Your answer must be the full listing, reproduced exactly, minus any pictures.

**Supplied data:**
────────────────
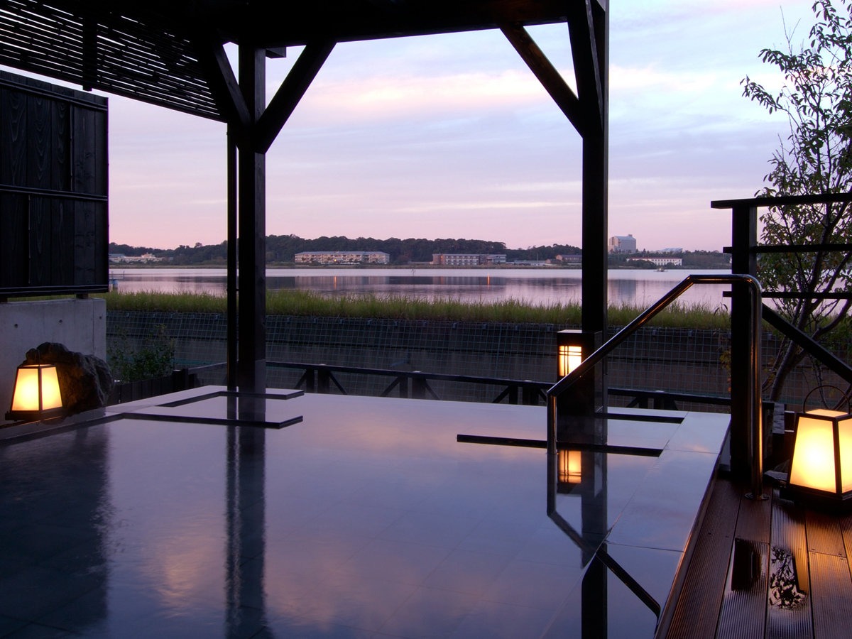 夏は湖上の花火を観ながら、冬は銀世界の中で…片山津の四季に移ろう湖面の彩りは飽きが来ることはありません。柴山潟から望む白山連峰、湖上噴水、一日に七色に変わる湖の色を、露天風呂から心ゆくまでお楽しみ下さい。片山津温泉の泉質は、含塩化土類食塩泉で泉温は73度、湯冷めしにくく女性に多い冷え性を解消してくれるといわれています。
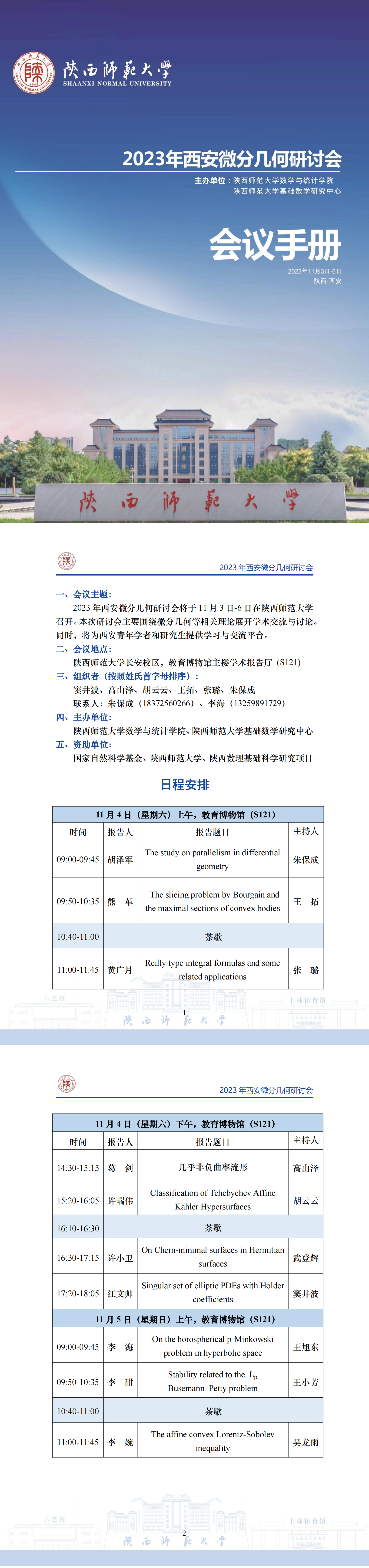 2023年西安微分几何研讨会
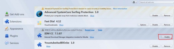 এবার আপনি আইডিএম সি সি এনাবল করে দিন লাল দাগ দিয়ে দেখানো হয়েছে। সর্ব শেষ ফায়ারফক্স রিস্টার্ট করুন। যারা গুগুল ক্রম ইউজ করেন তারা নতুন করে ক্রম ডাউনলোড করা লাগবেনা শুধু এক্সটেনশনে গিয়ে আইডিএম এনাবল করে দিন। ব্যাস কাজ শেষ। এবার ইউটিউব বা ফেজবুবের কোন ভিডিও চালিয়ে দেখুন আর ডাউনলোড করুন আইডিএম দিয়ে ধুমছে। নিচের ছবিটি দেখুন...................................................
────────────────
**Solution for this exercise:**
 夏は湖上の花火を観ながら、冬は銀世界の中で…片山津の四季に移ろう湖面の彩りは飽きが来ることはありません。柴山潟から望む白山連峰、湖上噴水、一日に七色に変わる湖の色を、露天風呂から心ゆくまでお楽しみ下さい。片山津温泉の泉質は、含塩化土類食塩泉で泉温は73度、湯冷めしにくく女性に多い冷え性を解消してくれるといわれています。
 2023年西安微分几何研讨会
 এবার আপনি আইডিএম সি সি এনাবল করে দিন লাল দাগ দিয়ে দেখানো হয়েছে। সর্ব শেষ ফায়ারফক্স রিস্টার্ট করুন। যারা গুগুল ক্রম ইউজ করেন তারা নতুন করে ক্রম ডাউনলোড করা লাগবেনা শুধু এক্সটেনশনে গিয়ে আইডিএম এনাবল করে দিন। ব্যাস কাজ শেষ। এবার ইউটিউব বা ফেজবুবের কোন ভিডিও চালিয়ে দেখুন আর ডাউনলোড করুন আইডিএম দিয়ে ধুমছে। নিচের ছবিটি দেখুন...................................................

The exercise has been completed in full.